Washington: “arising out of” is broad. In Washington state courts have analyzed many varieties of “causation” language and have held that “arising out of” is the broadest form of causation-trigger language. See Mutual of Enumclaw v. Jerome, 66 Wn. App. 756 (1992) (reversed on other grounds). That holding has been applied in the additional insured context. See PAR Electrical v. Blueline Rental LLC, E.D. Wa., March 17, 2017. In a different context Washington courts have specifically held that “arising out of” is broader than “caused by.” See Toll Bridge Authority v. Aetna Ins., 54 Wn. App. 400 (1989). Presumably that holding would apply to additional insured endorsements, meaning that an endorsement with the “arising out of” language would be broader than one with the “caused in whole or in part by” language. (Indeed that issue is up on appeal in the case Mt. Hawley Ins. Co. v. Zurich Am. Ins. Co., which completed briefing in June.) Oregon has also interpreted “arising out of” very broadly. See Ristine ex rel. Ristine v. Hartford Ins. Co. of Midwest, 195 Or. App. 226, 231 (2004).
Maryland: the opposite? But now consider the following case: in James G. Davis Const. Corp. v. Erie Ins. Exch., 226 Md. App. 25, 28, 126 A.3d 753, 755 (2015), the named insured (a subcontractor, Tricon) had an additional insured endorsement with the “caused in whole or in part by ” language.

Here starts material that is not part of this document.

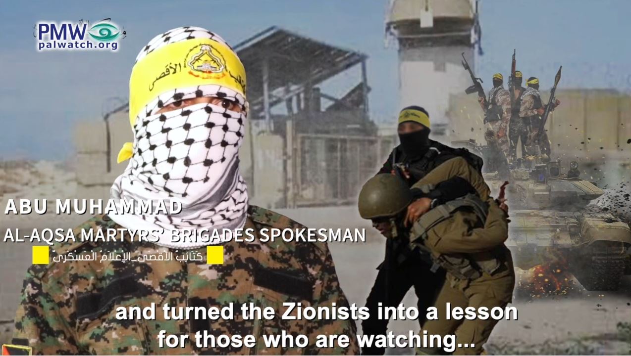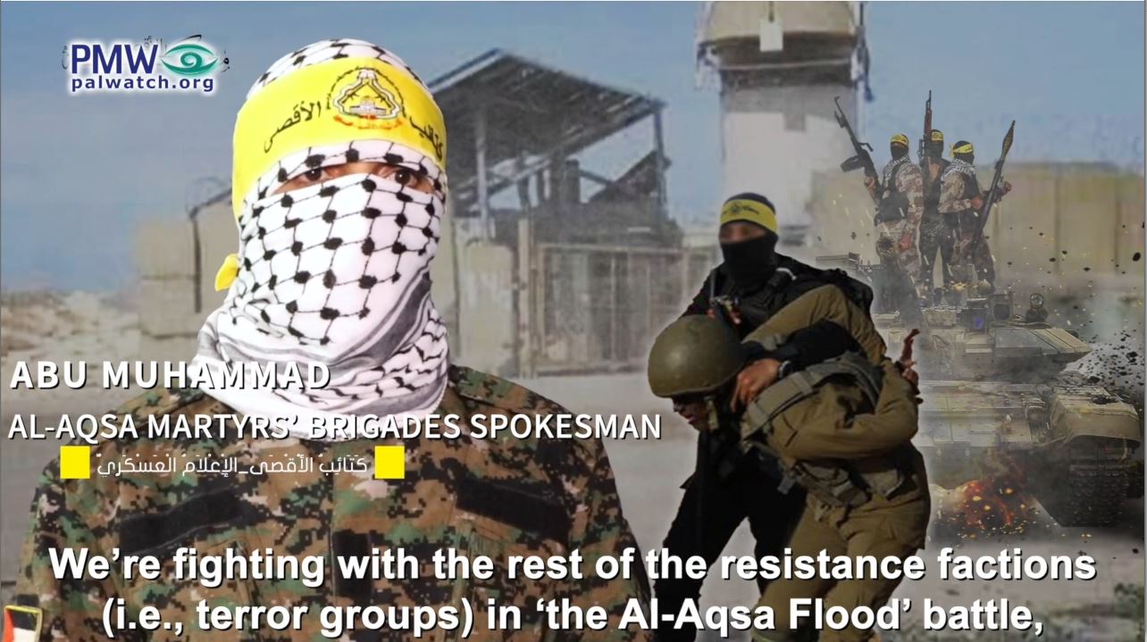 Al-Aqsa Martyrs’ Brigades Spokesman Abu Muhammad: “Praise Allah who strengthened and supported, humiliated and defeated, and turned the Zionists into a lesson for those who are watching… We’re fighting with the rest of the resistance factions (i.e., terror groups) in ‘the Al-Aqsa Flood’ battle, by the power of Allah and with His help… It has already become clear that the end of the thieving occupier’s imaginary entity (i.e., Israel) is near…The Al-Aqsa [Martyrs’] Brigades, together with the rest of the Palestinian resistance factions, carried out several operations (i.e., terror attacks) behind enemy lines as part of ‘the Al-Aqsa Flood’ battle, which constituted a crossroads in the history of our struggle with the occupier, and praise Allah, we killed and took captive occupation soldiers (sic. the majority were civilians) …Together with the rest of the Palestinian resistance factions, and as part of the joint operations room, we succeeded in moving from defense to attack. This emphasizes that there are new rules in the struggle, and the cowardly enemy will not be able – despite all the technology it has – to defeat our fighters… This battle is a new defeat for [Israeli Prime Minister] Netanyahu and his trembling army… We inflicted on them heavy losses and great humiliation that the enemy won’t be able to ignore. We emphasize to all our people that we will continue, together with the rest of the resistance factions, in this battle until the occupation’s aggression against the Al-Aqsa Mosque, Jerusalem, the Gaza Strip, the West Bank, our occupied lands, and everywhere in Palestine are stopped. This is a revolution until victory; the Al-Aqsa Martyrs’ Brigades – Palestine.”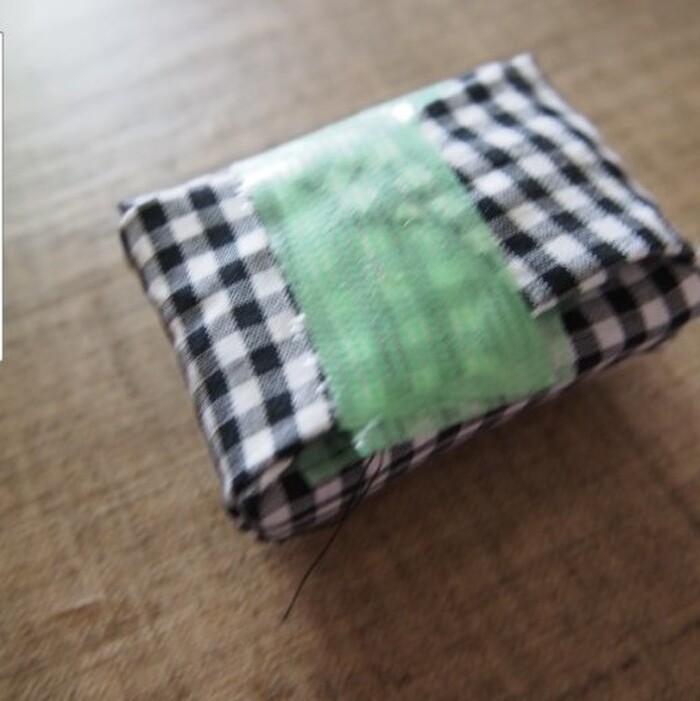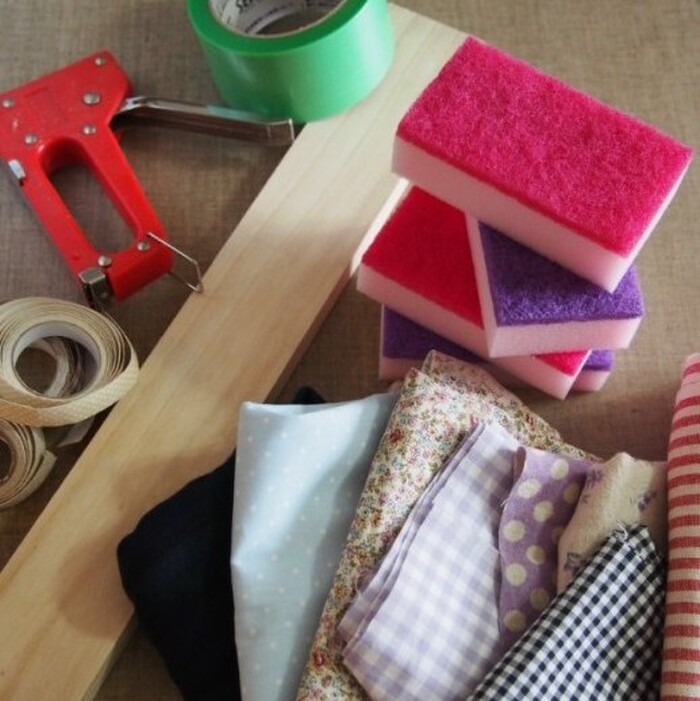 スポンジを布でギュッと強めに包んで養生テープを貼る

Both Tricon and the general contractor (Davis) were sued after a worker was injured by allegedly faulty scaffolding erected by Tricon, but approved by Davis. The insurer denied coverage for Davis, but the court held that Davis was entitled to coverage and specifically held that the limitation to injuries “caused in whole or in part by” the subcontractors’ work provided broader coverage than would have been provided by the “arising out of” language. The court held that coverage was triggered by an allegation that Davis was liable either vicariously, or based on the acts or omissions of Davis, or of Tricon – essentially, by any allegations at all that implicated Tricon.
Even “arising out of” may not get you there. Washington courts have held that even the very broad “arising out of” language has its limits. In Absher Constr. v. N. Pacific Ins., 861 F.Supp.2d 1236 (W.D. Wa. 2012), the court held that the phrase did not extend coverage to “completed operations” losses where the endorsement contained a limitation to “ongoing operations” loss. That means that the ongoing/completed operations distinction in the endorsement may be more important than the “arising out of” language. Moreover, state “anti-indemnity” laws, which prevent a general contractor from being indemnified for its sole negligence (including through insurance), may result in broad additional insured language not being enforced. In some situations in Washington, and in almost all cases in Oregon, the anti-indemnity statute has been more often asserted by insurers as a limit on the scope of the additional insured coverage than the causation-trigger wording.
The takeaway: The causation-trigger language of the additional insured endorsement may matter, depending on what state you are in. Pushing for the broader “arising out of” language is likely to benefit the additional insured, in most situations. However, the insurance industry is making it increasingly difficult to get the “arising out of” language, and other factors (like the application of a state anti-indemnity statute) may be more important, although perhaps harder to control by contract. Before taking a stand on the wording of the causation-trigger language it may be worthwhile to take a closer look at the state of the law, other important language, and the most likely loss scenarios. It may turn out that the causation-trigger wording is less critical than you thought.